# how often to bath my cockapoo



## lauren

Hello, I have a 15 week old cockapoo called teddy and he gets so messy, with twigs and leaves etc... From the garden, how often should I bath him as he does get his fur bunching together after wee wee underneath him. thank you. 
Lauren and teddy


----------



## Laura(L)Izzie

Hi Lauren  

You shouldn't wash them too often BUT we rinse ours with water all the time because they're forever muddy. Just limit the amount of time you actually wash them with shampoo maybe once every 3-4 weeks. But just with clean water then as many times as you need to I think is fine


----------



## Pollypiglet

I don't have a bath just a shower room so Hattie will not get a bath in my house!. Have a good paw dunking container for the really muddy days and good rub down with towel. Wet wipe after toilet break will sort wee smell, not good idea to bath too often upsets coats natural balance and can cause dry flaky skin. Never bathed my terriers in 15 years but rubbed them down with towel whenever wet never smelt doggy and never had bad skin.


----------



## lauren

Ok thats really helpful. Thank u both, x x


----------



## Laura(L)Izzie

No problem  x


----------



## axl the cockerpoo

don`t think we`ve ever bathed axl - twice at the groomers maybe, hosed him down a few times mind.


----------



## Benji

I have a question about this ... my son is super allergic to cats and Simon (works for Sylvia) suggested we bathe the dog once we got her home because my son had such a bad reaction to the cat (we were in the house for a while and the cat was hanging around us and the pups). We have puppy shampoo ... any advice for such an early bath ... bit nervous.


----------



## Laura(L)Izzie

People generally advise to put a towel or something in the bottom of the bath or sink so that the puppy doesn't slide around as apparently it can be quite bad for their joints.

Other than that, just get it at a middle temprature, warmish but not too hot & try to keep him calm, hopefully he'll be fine & won't mind baths  But some really hate baths!


----------



## Enneirda.

I bath my crew weekly. Sometimes even sooner (but no less then 5 days) if they're dirty. As far as him peeing on his fur, you'd best get his stomach trimmed, that'll never get better lol. It doesn't look too bad to take the stomach up higher, and if you leave his sides longer you won't even notice it. 
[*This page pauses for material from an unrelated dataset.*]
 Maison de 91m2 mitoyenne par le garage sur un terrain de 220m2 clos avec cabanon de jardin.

Benji, make sure you have everything you'll need to make the bath short, and keep the water warm. If you own a blow dryer (human or dog) I'd advise using it, pups shiver a lot after a bath.


----------



## Benji

Thanks! I did it! I'm so proud of myself. He whimpered at the beginning then seemed to enjoy it a bit and then thought hmmm ... not sure about this and had a sad kind of look - but he didn't protest or try to struggle (as he did in the beginning). In no time we were done ... dried him with two different towels - 1st one to get most of the water and then another one to dry more ... used a low warm setting for the hair dryer - I have 4 (spent quite a long time drying him ... since he was shivering so much!)

He is such a good puppy! So glad we picked him ... so glad Sylvia did so much great work in his first 8 weeks ... he is a very secure puppy!


----------



## Benji

Enneirda. said:


> I bath my crew weekly. Sometimes even sooner (but no less then 5 days) if they're dirty.
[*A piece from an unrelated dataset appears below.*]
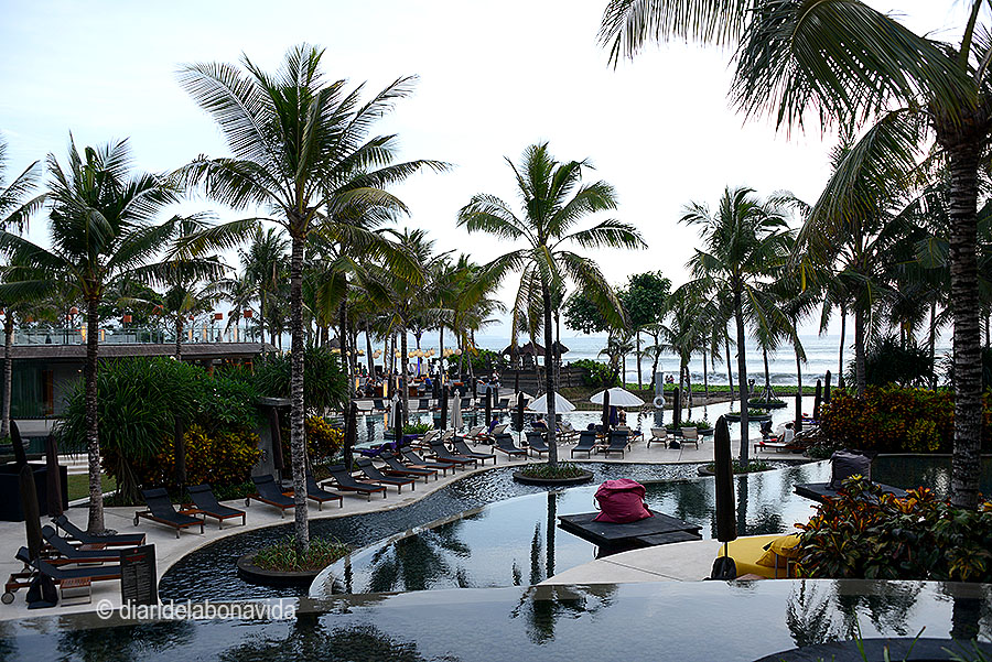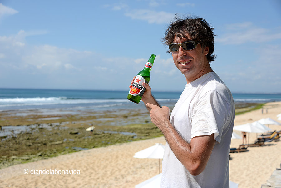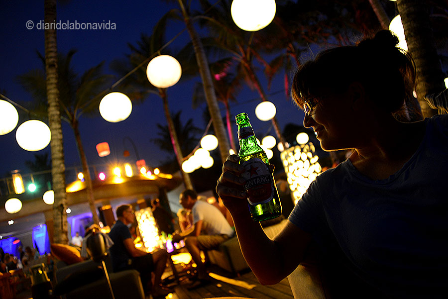 L’hotel és tan gran, que no trobem la sortida. Donem voltes, i arribem a la zona del bar exterior, amb una animació tremenda. Llums, un munt de gent i una Dj’s punxant música. Què carai, decidim quedar-nos i fer un beure! No anem molt vestits per l’ocasió, és clar, però disimulem el millor que podem. Però només portar la carta, ja veiem de quin peu calcen… Quin preus, mare meva! Au, unes cervesetes per disimular. Je, je… Això dels preus és curiós. Tot i estar en un lloc tan luxós, continua sent més barat prendre una cervesa aquí que a casa nostra, però després d’uns dies per Indonèsia, el valor dels diners canvia. En llocs poc turístics, les coses són increïblement barates, però quan es tracta de llocs on només trobes guiris, els preus es disparen. A més, la moneda indonesia no ajuda gaire. Els preus es mouen en xifres estratosfèriques, plenes de zeros. Més o menys 1 euro són 15.000 rúpies. Doncs allà ens teniu, prenent les Bintang (cerveses balineses) davant la platja, en un hotel al.lucinant, amb música de fons. Desconnectem de tot!

This is what our doctor said to do because of my son's dust allergy, but I've also heard from dog groomers that weekly is too much for the dog's skin. What is your experience with the weekly washing on their skin?

Thanks!


----------



## Enneirda.

Benji said:


> This is what our doctor said to do because of my son's dust allergy, but I've also heard from dog groomers that weekly is too much for the dog's skin. What is your experience with the weekly washing on their skin?
> 
> Thanks!


'tis perfectly fine if you use the right shampoo. Something mild is best, and if any problems arise, there is always oatmill and the such made for pickier skin. 
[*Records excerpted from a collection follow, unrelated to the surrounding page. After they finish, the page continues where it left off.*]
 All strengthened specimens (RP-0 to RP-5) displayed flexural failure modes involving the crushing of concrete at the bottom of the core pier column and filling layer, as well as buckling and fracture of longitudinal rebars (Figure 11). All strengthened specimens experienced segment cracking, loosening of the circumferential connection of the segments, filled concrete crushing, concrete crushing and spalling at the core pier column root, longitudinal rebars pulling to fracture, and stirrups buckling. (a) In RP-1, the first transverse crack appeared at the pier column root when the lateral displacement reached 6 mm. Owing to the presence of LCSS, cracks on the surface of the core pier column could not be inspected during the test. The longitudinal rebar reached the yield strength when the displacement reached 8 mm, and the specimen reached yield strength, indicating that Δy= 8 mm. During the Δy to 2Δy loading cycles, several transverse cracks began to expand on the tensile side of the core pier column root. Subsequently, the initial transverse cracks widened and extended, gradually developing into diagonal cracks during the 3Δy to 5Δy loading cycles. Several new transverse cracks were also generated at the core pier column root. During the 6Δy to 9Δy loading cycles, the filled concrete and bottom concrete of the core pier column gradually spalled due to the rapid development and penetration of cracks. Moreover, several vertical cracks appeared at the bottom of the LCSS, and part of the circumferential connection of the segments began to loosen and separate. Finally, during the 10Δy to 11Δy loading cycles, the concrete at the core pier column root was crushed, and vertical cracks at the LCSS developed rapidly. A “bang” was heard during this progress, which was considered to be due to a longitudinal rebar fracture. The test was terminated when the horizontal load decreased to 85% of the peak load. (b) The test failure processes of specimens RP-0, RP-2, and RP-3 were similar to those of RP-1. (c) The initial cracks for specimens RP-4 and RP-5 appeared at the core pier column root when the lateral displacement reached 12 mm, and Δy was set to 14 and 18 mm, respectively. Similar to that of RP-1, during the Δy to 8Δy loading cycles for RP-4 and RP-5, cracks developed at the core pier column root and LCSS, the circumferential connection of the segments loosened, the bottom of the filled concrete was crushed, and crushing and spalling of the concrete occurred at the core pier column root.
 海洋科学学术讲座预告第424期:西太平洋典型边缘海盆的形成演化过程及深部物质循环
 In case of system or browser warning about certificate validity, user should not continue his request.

I use a heavily diluted mixture of two store bought ones (one being an oatmill) and a squirt of Dawn, cause it takes out smells and stains like nothing else. I follow up with a touch of conditioner. I'm also playing around with homemade ones right now, but nothing all that serious. 

I could go to two weeks without too much of a problem... but I hate having a odd smelling bed lol. 'Lo gets a mild (but strong to me) doggy and earthy smell from all her running by a week, and she must _always_ sleep on any available pillows. So she brings it on herself. And D needs it often to keep out the tangles in his long mane, and cause he looks stupid when his fur crinkles lol.


----------